Regex Not Working?

Hi, currently Im using Find Matching Patterns activity to capture text and assign into two variable named HeaderText.

Sample text:
2_22012056_Clearing MKSA Jul26; Jul25;

Expected output for HeaderText;
Clearing MKSA Jul26

Regex Used:
\d{2}_(.+\w);

When i try to output HeaderText in message box, i always got β€œ56_Clearing MKSA Jul26;” eventhough i already use the selected group, why is this?

I already put the variable at first match, in the Find Matching Patterns activity properties in UiPath.

Use this regex
(?<=\d{2}_).+?(?=;)

1 Like

Hi @f4reast

Can you give us a few examples of text variations and requirements for the extraction, for us to better understand which part you want to extract?
Or is this a single use case/requirement?

Regards
Soren

Hi @SorenB,

its not a single use case. I want to extract the between the second β€˜_’ and the first β€˜;’ as bold below.

2_22012056_Clearing MKSA Jul26; Jul25;

Some text variations example:
2_22012056_Clearing MKSA Jul26; Jul25;
3_22012078_Clearing SA Aug23; Aug23;
4_22012078_Clearing MK May24; May24;

But based on the screenshot, the extracted text should only be the yellow highlighted right? as i already use selected group in the regex.
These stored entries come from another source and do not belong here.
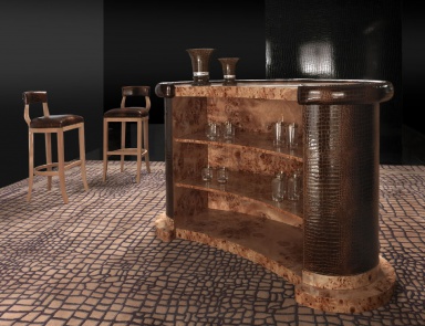Material type of the bar depends not only on its appearance and cost, but also its longevity. The most traditional and popular material is wood. In our catalogues you can find the bar from valuable breeds of trees or veneered valuable species. The classic design of this bar will never lose its appeal. Bar counter made of solid wood will give your home bar a serious and respectable.
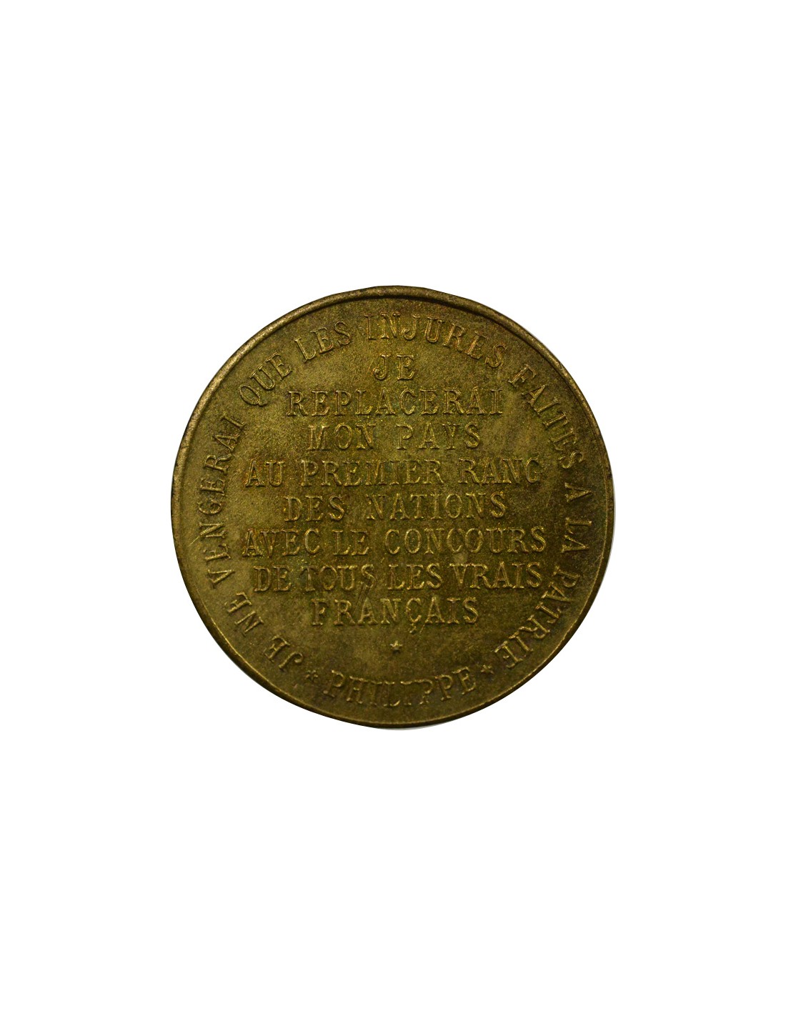 Revers : * JE NE VENGERAI QUE LES INJURES FAITES A LA PATRIE / * PHILIPPE * / JE / REPLACERAI / MON PAYS / AU PREMIER RANG / DES NATIONS / AVEC LE CONCOURS / DE TOUS LES VRAIS / FRANÇAIS / *
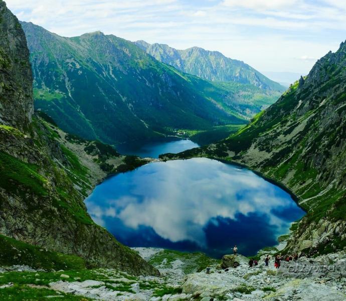 Это один из самых посещаемых туристами уголков в Татрах. Летом здесь действительно толпы народу, зато осенью это место покоряет тишиной и покоем. Вокруг вздымаются скалы, которые живописно отражаются в зеркале воды.

I’m having confusion with this part.

Thanks.

Wow this works! Thanks.
Can you explain a little bit about the regex? Im having difficulties trying to understand it

1 Like

your regex is too greedy and UiPath is returning the full match, not just the group.

(.+\w) captures everything up to the last β€œ;”, which is why you get 56_Clearing MKSA Jul26;.

Use this regex instead:

\d{2}\d+([^;]+);

And read the value from:

Matches(0).Groups(1).Value

That will return:

Clearing MKSA Jul26

Hi @f4reast

Please check the below regular expression:

[A-Za-z]+\s*[A-Z]+(?=\s+[A-Za-z0-9]+\;)

Regards
PS Parvathy

1 Like
  • (?<=\d{2}_) β†’ Start matching after two digits and an underscore
  • .+? β†’ Capture the required text
  • (?=;) β†’ Stop matching before the semicolon

This uses lookbehind and lookahead, so unwanted parts like 56_ or ; are not included in the result.
That’s why it returns exactly β€œClearing MKSA Jul26”, unlike the earlier regex where extra text was captured even when using groups.

1 Like

Thank you for the explaination. Now i understand

Hi Parvathy,

Thank you for the suggestion, it doesnt get the full output as i wanted because it does not extracted until the first semicolon(;). Nevertheless i was able to tweak a little bit and got the expected output.

Thanks

2 Likes

Maybe to add to your understanding.

The .+? part works because the question mark makes that part of the expression non greedy.

.+ would give you everthing between the first instance of the lookbehind and the last instance of the lookahead. In Regex language that is called a greedy expression.

Adding the ? makes it a non greedy expression, making it stop matching once it finds the first instance instead of the last instance of the lookahead.

1 Like

This topic was automatically closed 3 days after the last reply. New replies are no longer allowed.